2011年10月28日金曜日

羽田国際空港のサービス―気配り―

以前、羽田空港で、「ああ、日本に帰ってきたなあ」と思う出来事があった。今日の日経ビジネスオンラインの記事「新しい海外への玄関口:羽田旅客ターミナルのサービスの裏側」を読んで、記事の内容とは直接は関係ないのだが、その時のことを思い出した。

私が「日本に帰ってきたな」と思ったのは、いわゆる「気配り」のサービスを受けたことである。

帰国して羽田に着いてからのこと。

①スーツケースの受取りで
ぐるぐる回っているところからスーツケースを取ったときのこと。私は一応自分のスーツケースかどうか、タグを見て確認することにしている。チェックインの時につけられるタグに名前が書かれているので、確認しようと思ったが、名前が書いてあるところが見当たらない。タグの白い紙をあれこれ見て、たぶん???という表情をしていたのだろう、
「ご協力ありがとうございます。お分かりでしょうか?」
何といったか正確には覚えていないのだが、こんな風に声をかけられた。ちょうどその時、名前が書いてあるところが見つかった。
その時は、これだけで声をかけられるんだ、と、ちょっとびっくりした。

②京急の改札口で
改札口はSUICAで入ったのだが、残金が残り少ないことに気づいた。改札のすぐ横に精算機があり、電車が来るまでに時間があるので、そこでチャージをしようと思って近づいた。見てみると、SUICAがチャージできないように見えたので、カードを手にしたままホームへ行こうとすると、
「SUICAのチャージですか?できますよ。」と声をかけられた。
改札のところに駅員さんが立っていた。
再び精算機に戻り、チャージ完了。

この二つが立て続けに起こった。びっくりというか感心した。
どちらも、私の動きを見て、何をしたいのかを理解した。そして、そこで必要な手助けをしようとしてくれた。

日本だから当たり前だと思うかも知れないが、そうでもない。
実際、某携帯電話会社では、そのあまりの応対に唖然としたことがある。
電話機を買いに行ったのだが(それも、古い携帯だと今後使えなくなるので早急に買い換えるようにというメッセージが頻繁に携帯会社から送られてきたから買いに行った)、
店員「こちらには在庫がありません。」以上。
私「どちらの店に行けばありますか。」
店員「それは店ごとに管理していますからこちらではわかりません。」以上。
私「じゃあ、この近くに他の店はありますか。」
店員「二店あります。」以上。
私「それはどこにありますか。」
……
という会話が交わされた。
(途中から不快感が顔に出ていたかもしれないが、一応大人なので、丁寧に応対しようと心がけた。)
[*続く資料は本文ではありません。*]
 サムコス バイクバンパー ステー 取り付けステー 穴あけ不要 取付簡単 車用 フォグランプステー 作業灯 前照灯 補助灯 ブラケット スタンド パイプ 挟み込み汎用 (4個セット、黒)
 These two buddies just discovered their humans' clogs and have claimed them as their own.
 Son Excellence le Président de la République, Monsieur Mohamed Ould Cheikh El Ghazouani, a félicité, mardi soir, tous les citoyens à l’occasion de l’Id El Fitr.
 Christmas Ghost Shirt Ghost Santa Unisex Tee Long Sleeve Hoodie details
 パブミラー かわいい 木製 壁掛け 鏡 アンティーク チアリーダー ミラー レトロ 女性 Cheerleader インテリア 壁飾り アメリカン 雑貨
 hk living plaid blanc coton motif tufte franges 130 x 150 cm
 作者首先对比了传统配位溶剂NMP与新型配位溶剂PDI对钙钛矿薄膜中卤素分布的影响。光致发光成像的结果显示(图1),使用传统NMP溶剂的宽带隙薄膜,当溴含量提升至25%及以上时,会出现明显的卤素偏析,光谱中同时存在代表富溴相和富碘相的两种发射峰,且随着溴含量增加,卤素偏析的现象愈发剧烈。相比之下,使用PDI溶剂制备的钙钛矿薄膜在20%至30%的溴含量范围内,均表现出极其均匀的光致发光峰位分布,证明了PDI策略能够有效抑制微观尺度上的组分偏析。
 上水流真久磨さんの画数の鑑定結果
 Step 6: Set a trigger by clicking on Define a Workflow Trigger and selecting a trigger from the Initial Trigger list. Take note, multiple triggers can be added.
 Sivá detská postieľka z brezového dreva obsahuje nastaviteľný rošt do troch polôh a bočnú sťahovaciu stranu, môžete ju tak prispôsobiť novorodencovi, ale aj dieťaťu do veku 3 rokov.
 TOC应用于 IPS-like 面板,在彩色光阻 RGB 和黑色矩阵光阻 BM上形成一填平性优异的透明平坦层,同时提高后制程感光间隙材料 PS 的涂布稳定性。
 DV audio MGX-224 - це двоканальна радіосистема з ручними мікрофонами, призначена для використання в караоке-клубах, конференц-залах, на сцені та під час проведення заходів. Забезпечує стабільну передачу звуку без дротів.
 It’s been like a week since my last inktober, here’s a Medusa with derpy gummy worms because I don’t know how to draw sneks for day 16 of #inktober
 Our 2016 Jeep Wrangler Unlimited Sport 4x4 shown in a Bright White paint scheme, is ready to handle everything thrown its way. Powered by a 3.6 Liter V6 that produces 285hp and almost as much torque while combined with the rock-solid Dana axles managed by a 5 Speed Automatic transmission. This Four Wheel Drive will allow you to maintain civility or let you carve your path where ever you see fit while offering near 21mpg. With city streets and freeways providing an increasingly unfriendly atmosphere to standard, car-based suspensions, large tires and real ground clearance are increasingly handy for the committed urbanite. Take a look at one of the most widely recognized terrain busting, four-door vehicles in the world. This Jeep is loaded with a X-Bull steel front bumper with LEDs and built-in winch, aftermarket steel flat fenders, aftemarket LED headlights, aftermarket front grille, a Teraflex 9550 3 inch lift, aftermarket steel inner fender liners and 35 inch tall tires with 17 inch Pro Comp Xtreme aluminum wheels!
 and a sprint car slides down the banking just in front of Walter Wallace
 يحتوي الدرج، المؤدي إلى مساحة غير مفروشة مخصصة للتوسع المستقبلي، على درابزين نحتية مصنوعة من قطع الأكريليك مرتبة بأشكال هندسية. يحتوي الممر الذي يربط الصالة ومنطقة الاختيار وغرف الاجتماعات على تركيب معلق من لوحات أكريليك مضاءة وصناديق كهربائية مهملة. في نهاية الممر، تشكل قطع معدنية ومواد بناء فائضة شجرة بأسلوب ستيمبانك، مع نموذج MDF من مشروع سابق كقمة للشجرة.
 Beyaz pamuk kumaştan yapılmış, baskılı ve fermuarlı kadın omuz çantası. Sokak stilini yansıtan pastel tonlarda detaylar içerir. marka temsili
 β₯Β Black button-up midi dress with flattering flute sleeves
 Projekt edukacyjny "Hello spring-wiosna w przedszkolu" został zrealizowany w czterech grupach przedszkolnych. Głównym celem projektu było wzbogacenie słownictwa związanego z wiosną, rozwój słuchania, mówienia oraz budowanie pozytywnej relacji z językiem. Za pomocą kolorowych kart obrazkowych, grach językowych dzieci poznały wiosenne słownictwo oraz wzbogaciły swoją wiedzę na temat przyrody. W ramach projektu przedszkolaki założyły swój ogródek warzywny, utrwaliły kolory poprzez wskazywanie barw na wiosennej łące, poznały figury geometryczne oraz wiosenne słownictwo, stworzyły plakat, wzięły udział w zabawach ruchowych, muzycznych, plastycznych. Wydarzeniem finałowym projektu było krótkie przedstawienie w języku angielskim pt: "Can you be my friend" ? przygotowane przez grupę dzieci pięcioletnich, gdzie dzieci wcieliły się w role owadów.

その後、その店員のどこに腹を立てたのか、考えた。その店員は、私のその質問に直接答えていただけだ。私が腹を立てないようにするには、私が何をしたくてその質問をし次にどういう行動をしようとするかを考えて答えることだ。

実はこの「気配り」という言葉、学生たちに説明するのが厄介な言葉だ。なのに、何かを読むと、よく出てくるし、「気配り」という意味がわからないと全体の意味がつかめないことも多い。いつもどうやって説明しようかと頭を悩ませていたのだが、「気配り」のない応対を受けて「気配り」が感覚ではなく理解できた気がした。

「気配り」は心ではない。頭だと思う。

2011年10月21日金曜日

ちょっと好きになった「日本語朗読コンテスト」で思ったあれこれ


昨晩、勤務校の学内「日本語朗読コンテスト」を見に行った。結果、とても面白くて、行ってよかったと思った。気づいたことを書いておきたい。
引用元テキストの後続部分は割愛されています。